Overall flow chart of EDST algorithm

After introducing the overall framework of the integration algorithm, the specific process of generating a complete decision tree (DST) will be followed (steps 4–24). To increase accuracy for multi-classification problems, our algorithm first divides the dataset into several sub-datasets by sampling in the one-vs-one scheme, which pairs up c classes to generate \(c(c-1)/2\) binary classification tasks (steps 4–5). Then, the algorithm needs to generate a corresponding stump for each feature (step 6). Fig. 2 shows the general process of generating a DS on \(f_i\), where \(\{(x_{pi},y_p)|x_{pi}=a\}\) represents a set of samples taking value a and L represents the proportion of relevant labels in the group. For the continuous feature \(f_i=\{x_{1i},x_{2i},\ldots ,x_{ni} \}^T\) which denotes the i-th feature vector, all training samples are sorted by their values in \(f_i\), forming a set of intervals. Samples are divided into different intervals from smallest to largest according to their distribution. The label that appears most often in each interval is set as the final label. After that, the labels of all the intervals are checked, and the adjacent intervals with the same label are combined to form a group. For example, the top green square contains all samples with the i-th feature value a, where label 1 and label 2 are 10 to 1. Then, by comparing the proportion of samples in the adjacent green squares, the algorithm determines that the samples contained in the \(x_{pi}=a\) and \(x_{pi}=b\) squares are of the same category, and can be combined.

Fig. 2
figure 2

An example of the tree stump generation

Next, we draw on ideas from the Genetic Algorithm (GA) to cross-mutate stumps in different subsets of samples (step 7). Based on the classification results of the stumps, the similarity of the two stumps is calculated by Eq 2. The 50% stump with the highest sum of similarities is screened out, which may have less information. Since there are a total of \(2\times m\) subsets of data, \(2\times m\) sets containing the highest similarity stumps can be obtained. If the stump generated by the same feature appears in multiple sets at the same time, the algorithm randomly exchanges them so that information can be passed between different subsets of data.

$$\begin{aligned} {\textrm{Similarity}} = \frac{\sum _{p=1}^n(x_p\times y_p)}{\sqrt{\sum _{p=1}^n(x_p)^2 \times \sum _{p=1}^n(y_p)^2}}, \end{aligned}$$
(2)

After the stump exchange is completed, the algorithm evaluates the classification performance of their stumps and selects the stump with the best performance as the root node stump (steps 8–13). Here use the Gini index as the evaluation method for each node of the DS-based decision tree, and its formula is as follows:

$$\begin{aligned} {\textrm{Gini}} = \sum _{z}^u(1-\sum _{j}^cp_{j,z}^2), \end{aligned}$$
(3)

where c is the number of classes in the present sub-dataset, u is the number of leaves of the feature tree stump, and \(p_(j,z)\) represents the ratio of the number of samples in the j-th class to the total number of samples in the z-th leaf node. This Gini index is modified by removing the penalty on the number of samples in the leaf to split the samples better. Finally, the stump is spliced in a loop iteration to generate an entire decision tree (steps 14–21) until the sample contained in a branch is smaller than \(\theta\), which is set to n/10 in our algorithm.

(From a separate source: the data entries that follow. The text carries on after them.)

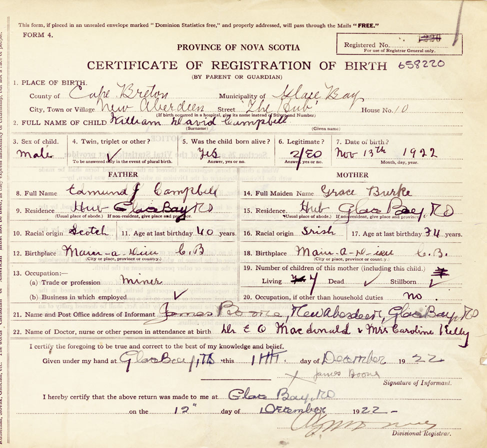 21. Name and Post Office address of Informant James Boone New Aberdeen, Glace Bay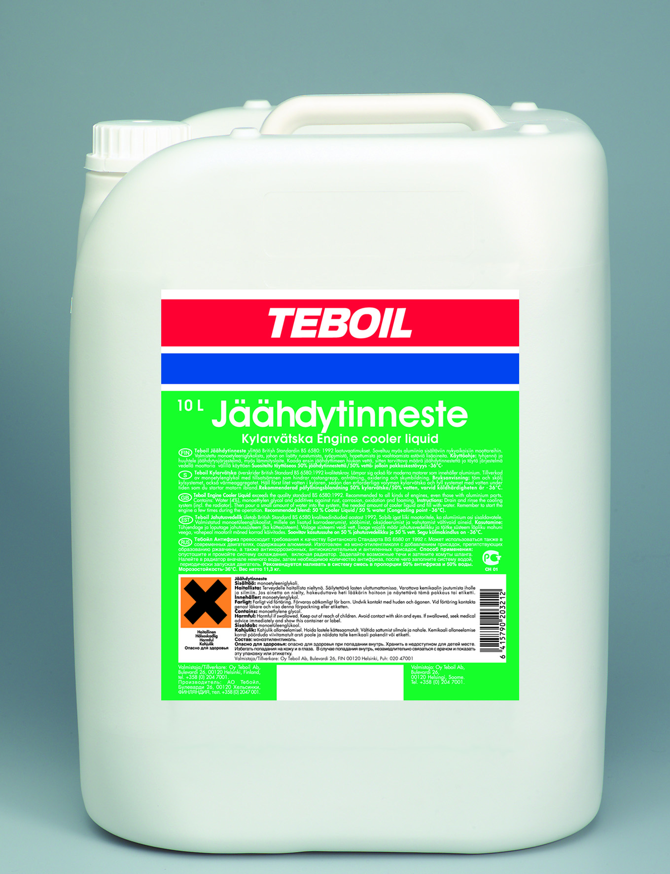 Teboil Jäähdytinneste antaa jäähdytysjärjestelmälle erinomaisen suojan jäätymistä, syöpymistä ja korroosiota vastaan. Tuote ylittää British Standardin BS 6580:1992 laatuvaatimukset.Soveltuu myös alumiinia sisältäviin nykyaikaisiin moottoreihin. Valmistettu monoetyleeniglykolista, johon on lisätty ruostumista, syöpymistä, hapettumista ja vaahtoamista estäviä lisäaineita.Suorituskyky: BS 6580:2010Pakkauskoko: 1l, 3l, 10l, 200l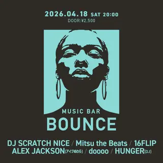 Music BAR Bounce on April 18, 2026 at Music BAR Bounce, Tokyo features electronic music performances hip-hop DJ sets.

In our algorithm, the use of DSs as the elements to build a decision tree makes the tree gain global information instead of local information on the data at each split, to enhance the tree’s generalization ability. The results of each tree are fused by the majority soft voting strategy to get the final decision. In this way, the base classifier DST required for the ensemble is obtained.

figure a

Experiment

Datasets

In the dataset, a sample represent a drug combination on a particular cancer cell line, i.e., a drug combination-cell line pair. The samples are collected from DrugComb database (v1.4) [4]. To predict cell line-specific synergistic drug combinations, samples from different cell lines are modeled separately. For a sample, DrugComb contains four types of synergy scores, including Bliss Independence, Highest Single Agent, Loewe Additivity, and Zero Interaction Potency, where positive values represent synergy and negative values represent the antagonism of the drug combination. In this study, samples are divided into three categories (Synergy, Antagonism, and Additive) based on all mentioned four synergy scores. Synergy or Antagonism represent those samples whose four synergy scores are both positive or negative numbers, respectively, while the remaining samples are classified as Additive. Then, the samples with missing features are removed. Finally, two typical cell lines, HT29 colorectal cell line and A375 melanoma cell line, that have the largest sample capacity are selected to construct the data set. Table 1 lists the number of samples in each class and each cell line. It can be observed that the number of samples in the Additive class is greater than the sum of the samples of the other two classes. This problem will affect model training and prediction.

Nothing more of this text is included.